Esaada avatar Oct 08 '18 04:10 Esaada

I think transformer_moe use quite different code base from transformer model. If you use hyper-parameters from transformer model code base, it will not contain some mandatory hyper-parameters needed in order to run transformer_moe.

As I read in source code, you will need to at least add some (unused) hyper-parameters like this:

  hparams = transformer.transformer_base_single_gpu()

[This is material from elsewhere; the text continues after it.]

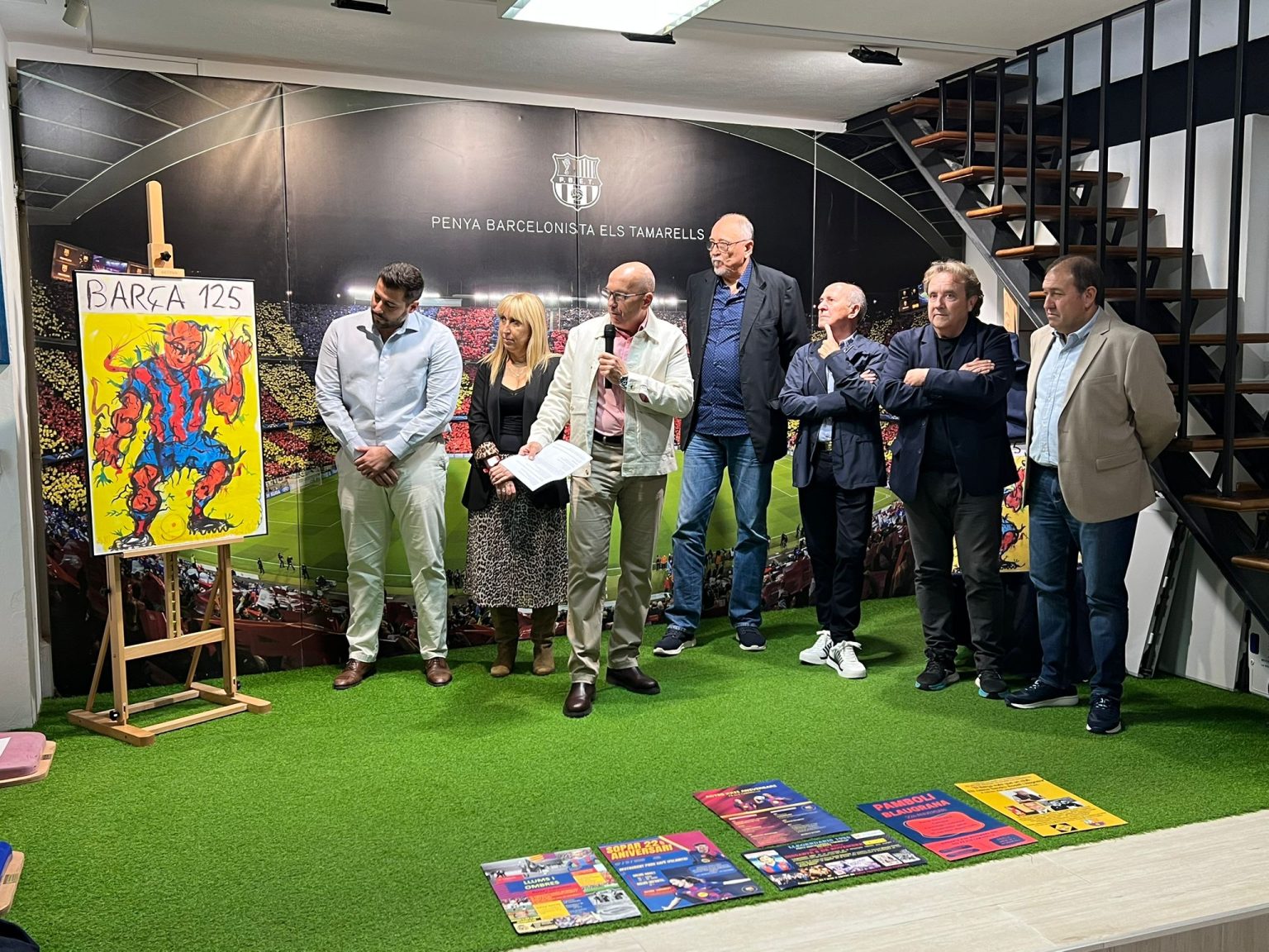 The 22nd anniversary of PB Els Tamarells began with an institutional reception at the penya headquarters in Felanitx. Attendees included the president of the Federació de Penyes de Balears, Oscar Escoda; the vice president of the Confederació Mundial de Penyes, Salva Torres; former players Juan Domingo “Lagarto” de la Cruz and Tente Sánchez; and journalist Arcadi Alibés. Representing Felanitx Town Hall were mayor Catalina Soler and sports councilor Toni Peña. All were welcomed by PB Els Tamarells president, Sebastià Oliver. During the event, a lithograph of the FC Barcelona 125th anniversary poster signed by its author, Miquel Barceló, who is a member of the Mallorcan penya, was presented.

  # Params below are required in order to have transformer_moe perform the same way as transformer
  hparams.layer_types = "a/a/a/a/a#a/a/a/a/a"
  hparams.default_att = "a"
  hparams.default_ff = "fc"

  # Params below may not be used, but need to be exist
  hparams.attention_loc_block_length = 256
  hparams.attention_loc_block_width = 128
  hparams.attention_red_factor = 3
  hparams.attention_red_type = "conv"
  hparams.attention_red_nonlinearity = "none"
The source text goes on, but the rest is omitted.